Setting The Stage, Delivering The Experience

Tracking commercial AV's role in live performances.

We live in the experience economy—at least so say the soothsayers of trends. In its simplest form, this means consumers are buying into holistic experiences rather than just isolated transactions. Or, rather than just buying the burger, they want not only the fries to go with it, but also the entire meal and everything wrapped around it. (And that includes the social experience of talking about it afterward!)

For an industry like commercial AV that is based on creating a compelling value proposition, this is money in the bank. Consumers’ willingness to spend up to get a more engaging total experience—whether in a store, at a show or at any other venue—suggests more revenue potential for the business. In theory, this, in turn, increases improvement-project scopes and budgets as the decision-makers seek to ensure an exceptional experience. Integrators then benefit as these companies turn to the experts so as best to align technology with their needs. The question is, does this happen in reality? According to recent research from AVIXA, the answer is a mixed bag.

AVIXA recently turned its research lens on the live-performance sector, as another volume in its growing series of Market Opportunity Analysis Reports (MOAR). Live performances are one part of the broader live-events market, and they often represent temporary installations of AV hardware for touring shows across a diverse set of venues. Thus, leasing and support service are common aspects of the AV provider solutions for the space.

Given the experience-related objectives of performances, one might expect show producers to be investing greater amounts in the various components of a show, one of which is AV in all its forms. Audio, lighting, video, staging, environmental effects, audience response, and even virtual reality (VR) and augmented reality (AR) can all play a role. Thus, the goal of AVIXA’s research was to determine how performances are faring, business-wise, and what that means for providers that serve them. Here’s a bit of what was learned:

  • For starters, live performance is faring quite well, and the experience economy does appear to be in full effect. Ticket-sales data from Pollstar and others suggest concerts and live theater generate more than $10 billion each year in the US. Furthermore, average ticket prices are rising, with consumers showing increasing willingness to spend more for a show.
  • And yet, AVIXA’s forecasts predict that live events as an AV solution area, of which performances are a part, will decline from $10.2 billion in 2018 to $8.6 billion in 2023 in the Americas. What’s going on here is a fundamental shift in the investment for entertainment facilities, with more expected to be spent on more permanent integrated solutions, rather than temporary ones, by live-events producers. This is further supported by the data from the producers themselves.
  • According to the surveys among the producer community, many of the resources required for technology management and usage exist in-house. Furthermore, their level of investment in owned hardware (as compared to leased hardware) is increasing. The resource issue even crosses into the mid-to-late phases of show production, when AV is installed and operated—places where outsourcing has often occurred. Unlike traditional production, though, the good news for AV solutions providers is they are more often involved in the upfront scoping of a show’s hardware needs. Many integrators would love this coveted seat at the table, which has clear impacts on project scopes and budgets.

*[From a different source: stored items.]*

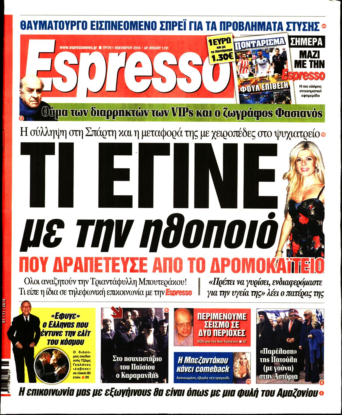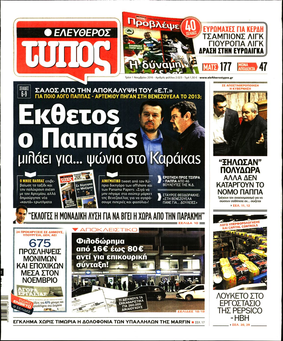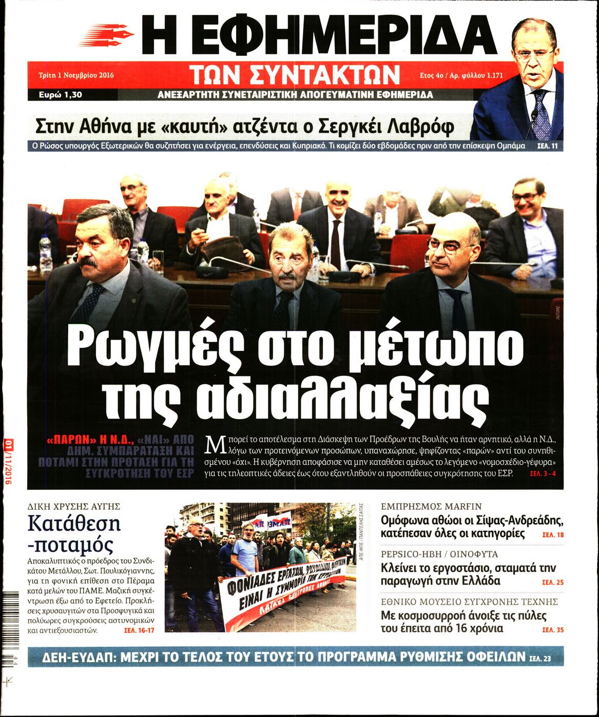 Οι πολιτικές εφημερίδες 1/11/2016 Κώστας Τεό 04:43, Τρίτη 01 Νοεμβρίου 2016 Media Διαβάστε τα σημερινά πρωτοσέλιδα των πολιτικών εφημερίδων: ΠΟΛΙΤΙΚΕΣ ΕΦΗΜΕΡΙΔΕΣ ΠΡΩΤΟΣΕΛΙΔΑ Μοιράσου το: σχολίασε κι εσύ (0 σχόλια) Ακολουθήστε το enikos.gr στο Google News και μάθετε πρώτοι όλες τις ειδήσεις Δείτε όλες τις τελευταίες ειδήσεις από την Ελλάδα και τον Κόσμο στο enikos.gr Ειδήσεις Ροή Ειδήσεων 2 ώρες πριν Χριστούγεννα στα μπλόκα: Επιμένουν στις κινητοποιήσεις τους οι αγρότες – Ανοίγουν τα διόδια το Σαββατοκύριακο 2 ώρες πριν Ουκρανία: Η άνευ προηγουμένου επίθεση σε ρωσικό τάνκερ στη Μεσόγειο και το μήνυμα προς στον Πούτιν – Το «μακρύ χέρι» του Κιέβου 1 ώρα πριν Πούτιν: Τα μηνύματα σε Ευρώπη και ΝΑΤΟ από το μαραθώνιο «σόου» του – Η απαίτηση για «σεβασμό» και η ειρήνη «με τους όρους» της Μόσχας 2 ώρες πριν Τραμπ: Δεν αποκλείει την πιθανότητα ενός πολέμου στη Βενεζουέλα – «Ο Μαδούρο ξέρει καλύτερα από τον καθένα τι ακριβώς θέλω» 3 ώρες πριν Συνεχίζει να προκαλεί ο Μίτσκοσκι: «Για μένα το όνομα Μακεδονία είναι ιερό» 1 ώρα πριν Ανακαλύφθηκαν αρχαία χρυσά νομίσματα 2.200 ετών που απεικονίζουν τον θεό Απόλλωνα – Η άγνωστη σύνδεση με τον Φίλιππο Β΄ της Μακεδονίας 2 ώρες πριν Ύπνος: Μια κρυφή κατάσταση του εγκεφάλου πριν από τον ύπνο μπορεί να είναι το “κλειδί” για υψηλή ευφυΐα και δημιουργικότητα 3 ώρες πριν Αριθμολογία: Οι άνθρωποι που έχουν γεννηθεί αυτές τις 4 ημερομηνίες, συχνά παρεξηγούνται – «Η καλοσύνη τους κρύβει τεράστια δύναμη» 4 ώρες πριν Ξεχάστε το καθάρισμα το Σαββατοκύριακο: Ο «κανόνας των 20 λεπτών» που θα σας λύσει τα χέρια 36 δευτερόλεπτα πριν Βασίλης Σπανούλης: Δεν εμφανίστηκε ούτε ένας δημοσιογράφος στην συνέντευξη Τύπου – «Καλησπέρα στον… κανέναν», δείτε βίντεο 12 λεπτά πριν Πόλεμος στην Ουκρανία: Εφτά νεκροί από ρωσική πυραυλική επίθεση στο λιμάνι της Οδησσού 15 λεπτά πριν ΗΠΑ: Η κυβέρνηση του Ντόναλντ Τραμπ άρχισε να δημοσιοποιεί τα αρχεία Έπσταϊν 27 λεπτά πριν Σάμος: Άνοιξε το μπλόκο των αγροτών στον κόμβο Κοκκαρίου – Σε νέα συνεδρίαση θα καθορίσουν την στάση τους 35 λεπτά πριν Άνω Λιόσια: Πυροβολισμοί σε επιχείρηση με χαλιά – Εντοπίστηκαν 10 κάλυκες ENIKOS NETWORK Το ΕΚΑΒ τιμήθηκε από την Ακαδημία Αθηνών για τα 40 χρόνια προσφοράς του Έχετε πραγματικά μεγάλη καρδιά; 10 χαρακτηριστικά όσων έχουν καλοσύνη Αναστολή μέτρων αναγκαστικής εκτέλεσης για κτηνοτρόφους που πλήττονται από την ευλογιά των αιγοπροβάτων Πλήρης επάρκεια προϊόντων στις λαϊκές της Αττικής, παρά τις αγροτικές κινητοποιήσεις – Τι απαντούν οι πωλητές Χαρτογραφώντας το «σημείο χωρίς επιστροφή»: Για πρώτη φορά αποκαλύπτεται με λεπτομέρεια το ακανθώδες όριο της ατμόσφαιρας τ... Η Google καταργεί τη λειτουργία «dark web report» – Πώς θα μπορούν οι χρήστες να διαγράφουν τα δεδομένα τους περισσότερα 22:42 , Παρασκευή 19 Δεκεμβρίου 2025 Γιώργος Γιαννόπουλος για “Το σόι σου”: “Είναι ευτυχία και ευλογία αυτή η σειρά” «Είναι ευτυχία και ευλογία η συγκυρία αυτής της σειράς», θα πει ο Γιώργος Γιαννόπουλος -ο αγαπ... 20:37 , Παρασκευή 19 Δεκεμβρίου 2025 Don’t Forget The Lyrics: Η Έλλη Κοκκίνου υποδέχεται 4 παίκτες που θα κάνουν τα πάντα για να μη χάσουν ούτε… μισή λέξη από τους στίχους Το «Don’t Forget The Lyrics» επιστρέφει απόψε, Παρασκευή 19 Δεκεμβρίου, στις 21:00 με νέο επει... 19:31 , Παρασκευή 19 Δεκεμβρίου 2025 GNTM: Απόψε ο μεγάλος τελικός για τους 4 φιναλίστ Έπειτα από μήνες γεμάτους μόδα, δημιουργία και έντονες αναμετρήσεις, το GNTM 2025 κορυφώνεται,... 18:11 
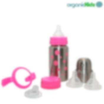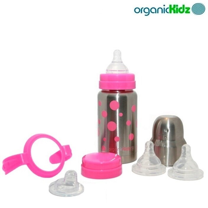 Organic Kidz "Baby Grows up" setti, jossa erittäin kestävä ja kätevä termos- tuttipullo ruostumattomasta teräksestä, kolme eri virtauksella tuttia, juomanokka, muovikorkki, kansi sekä mukikahva. Termospullo pitää lapsen juoman kylmänä tai lämpimänä jopa 6 tuntia. Kätevä ja varma vaihtoehto muovi-ja alumiinipulloille. Lapsen varttuessa saat tuttipullon muuttaa helposti termosmukiksi tai tavanomaiseksi termos-juomapulloksi. Erinomainen apuväline matkalla, kaupungilla tai luontoretkellä. Kestävä ja ympäristöystävällinen OrganicKidz pullo ei sisällä lapselle haitallisia ftalaatteja, bisfenol A-ta eikä PVC:tä.
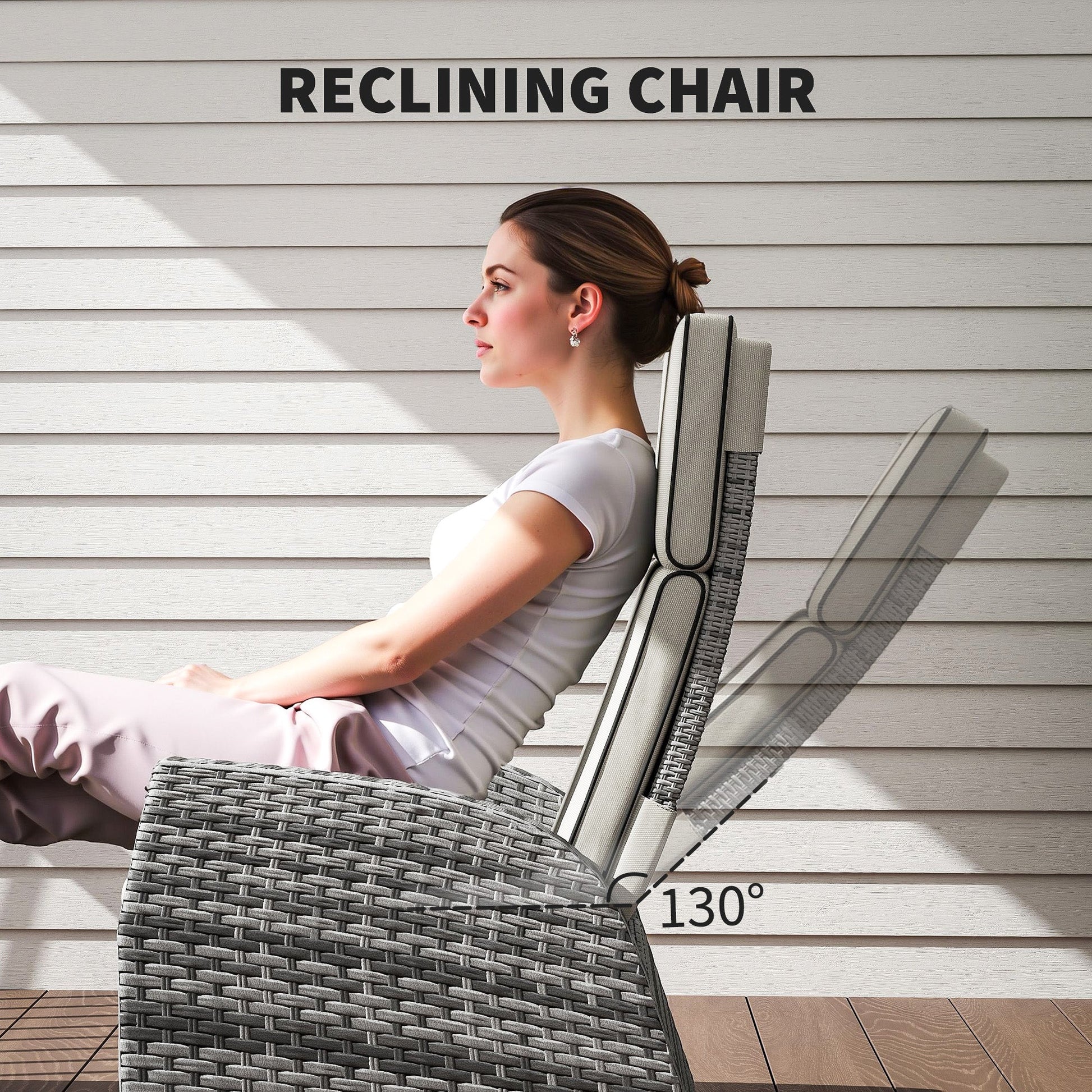 Rest and relax with company, with this Outsunny conservatory furniture. Five pieces - two reclining chairs, two footstools and a matching coffee table so you can relax with company. The two chairs have 130 reclining backs, with padded cushions for comfort. Each piece has a powder coated steel frame for a strong core, wrapped in plastic wicker for extra durability and style. Complete with adjustable feet for balance.
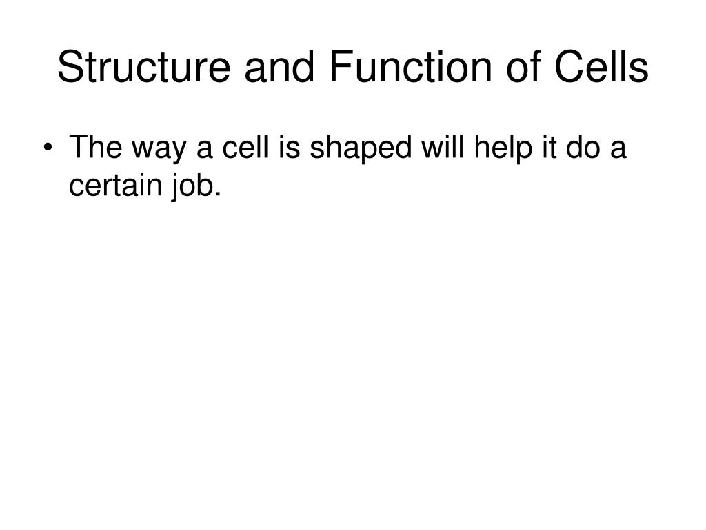 Structure and Function of Cells • The way a cell is shaped will help it do a certain job.
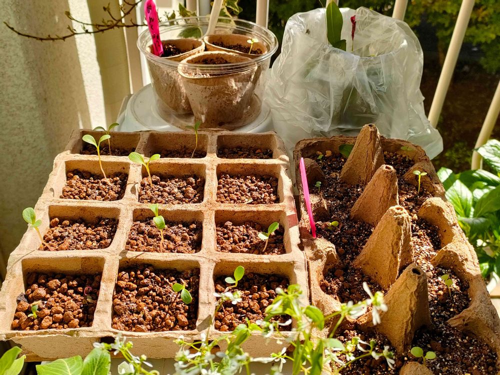 右の卵パックの方は自家採種ストック。矢車草のほうが茎が長くて葉も大きい🫶
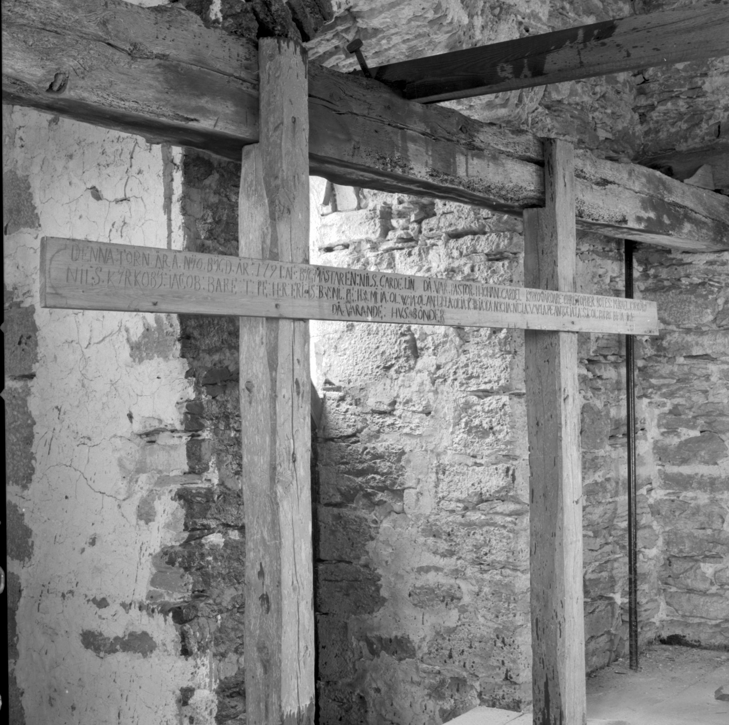 Inskritption till tornets byggande, år 1791.

The in-sourcing ultimately makes some sense logically. If an exceptional experience is the desired outcome, then production companies are clearly voting with their dollars for more certainty in those outcomes. Owning equipment and having staff can be seen as a way to try to control for unknowns and be in a better position to guarantee a successful show. The flaw is in the changing nature of technology and the complexities of effective utilization, making it hard for a production company to keep its hardware and supporting skills current. This is the strength of the provider community.

In the end, those strengths, coupled with flexibility and a focus on excellence, will keep providers relevant in the face of more in-sourcing. Plus, the trend toward ownership ultimately doesn’t mean producers aren’t seeking solutions; rather, it just means the nature of those solutions is changing. Commercial AV providers are already adapting. According to interviews with the provider community, many that serve the performance space are using different words to describe themselves. Instead of saying they are strictly live-events firms, with the implication being that they follow a leasing model, they are listing themselves as AV integrators first.

Although labeling is a subtlety, it also indicates the firm’s focus and sends a message to the market about the skills it offers. Using an integrator label can provide a different, and perhaps welcome, message to a performance producer who is looking for more permanent solutions. Whatever the case, as we continue to say here at AVIXA, winning the business continues to be centered on having a diversity of offerings. With that, happy prospecting, and wishing you many successes whatever your approach to the live-performance market.